Nach dem Brand eines Einfamilienhauses in Hatten im Landkreis Oldenburg gehen die Ermittler von einem Schaden von mindestens 300.000 Euro aus. Das Haus sei unbewohnbar und gelte als einsturzgefährdet, teilte die Polizei am Freitag mit. Die Brandermittler gingen davon aus, dass ein technischer Defekt an einem neben dem Haus geparkten Wohnmobil das Feuer verursachte.

Das Feuer war in der Nacht zum Donnerstag ausgebrochen. Ein 75 Jahre alter Bewohner des Hauses hatte einen lauten Knall gehört und den Brand entdeckt. Zusammen mit seiner 70 Jahre alten Frau konnte er das Haus unverletzt verlassen. Beide kamen zur Untersuchung ins Krankenhaus. Das Feuer hatte sich den Angaben zufolge von einem Carport, unter dem ein Personenwagen und das Wohnmobil standen, über die Giebelseite auf den Dachstuhl des Hauses ausgebreitet.

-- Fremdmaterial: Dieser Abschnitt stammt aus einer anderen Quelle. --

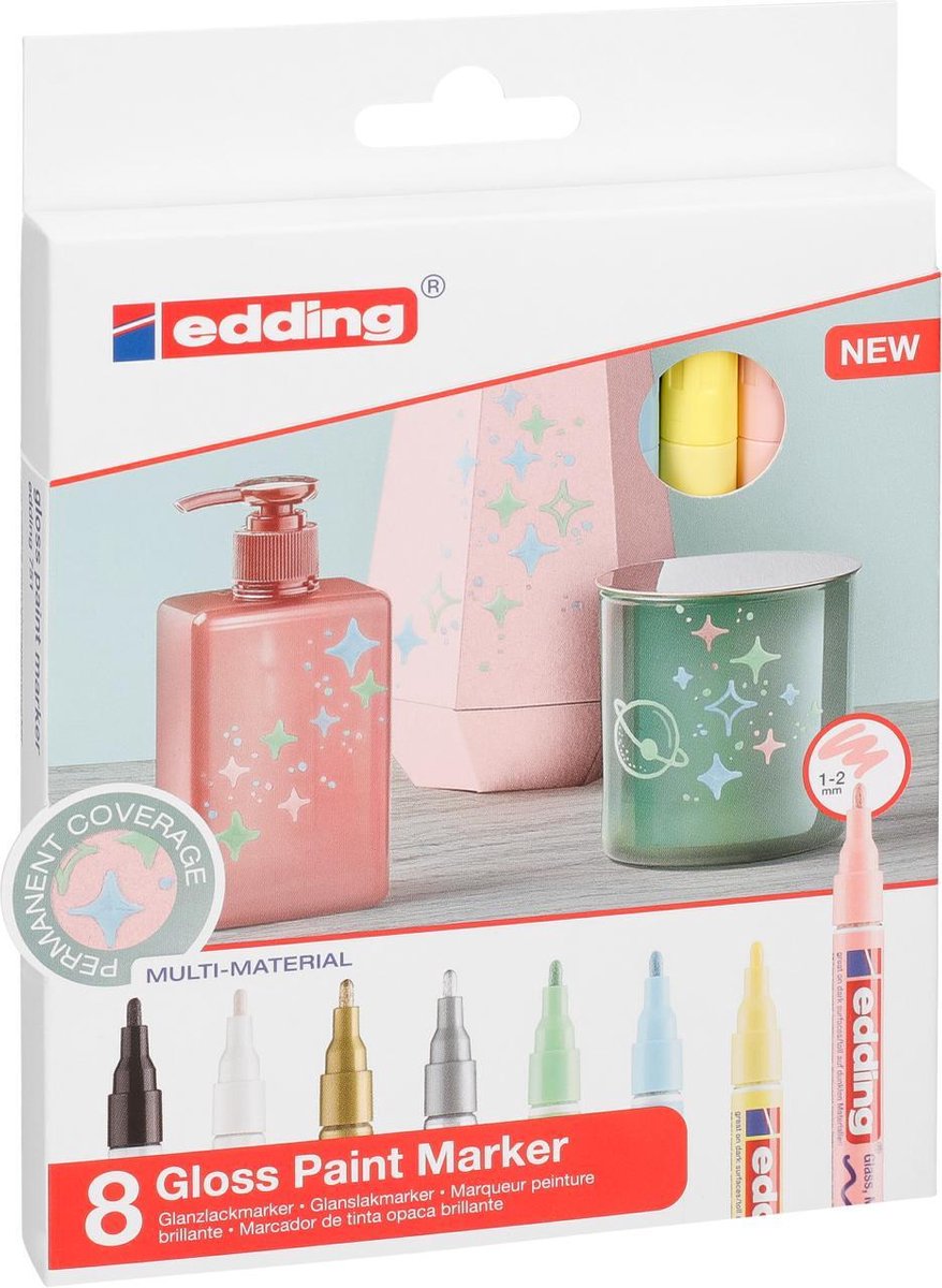 Verfstiften voor dekkend, permanent en veegvast decoreren op materialen, zoals glas, metaal, kunststof en gecoat papier. - De set bevat de kleuren zwart, wit, goud, zilver, pastelgeel, pastelgroen, pastelroze en pastelblauw; - De ronde punt heeft een schrijfdikte van 1-2 mm; - De verfachtige pigmentinkt is sneldrogend, weerbestendig en wrijfvast; - Stiftpunten kunnen vervangen worden; - De inkt is reukarm en zonder toevoeging van tolueen/xyleen; - Hoogwaardige aluminium barrel. Check https://www.edding.com/glossy voor meer informatie over de edding glanslakmarkers.

Feuerwehr rettet Verletzten aus brennender Wohnung

Die Feuerwehr hat einen verletzten Mann aus seiner brennenden Wohnung in Wilhelmshaven gerettet. Dieser sei mit lebensgefährlichen Verletzungen ins Krankenhaus gekommen, teilte die Stadt Wilhelmshaven am Freitag mit. Am Donnerstagabend war es demnach aus zunächst ungeklärter Ursache zu dem Feuer in der Dachgeschosswohnung gekommen. Die Einsatzkräfte der Feuerwehr brachten den Brand schnell unter Kontrolle. Ein Übergreifen der Flammen auf andere Wohnungen konnten sie verhindern. Die Polizei hat die Ermittlungen aufgenommen.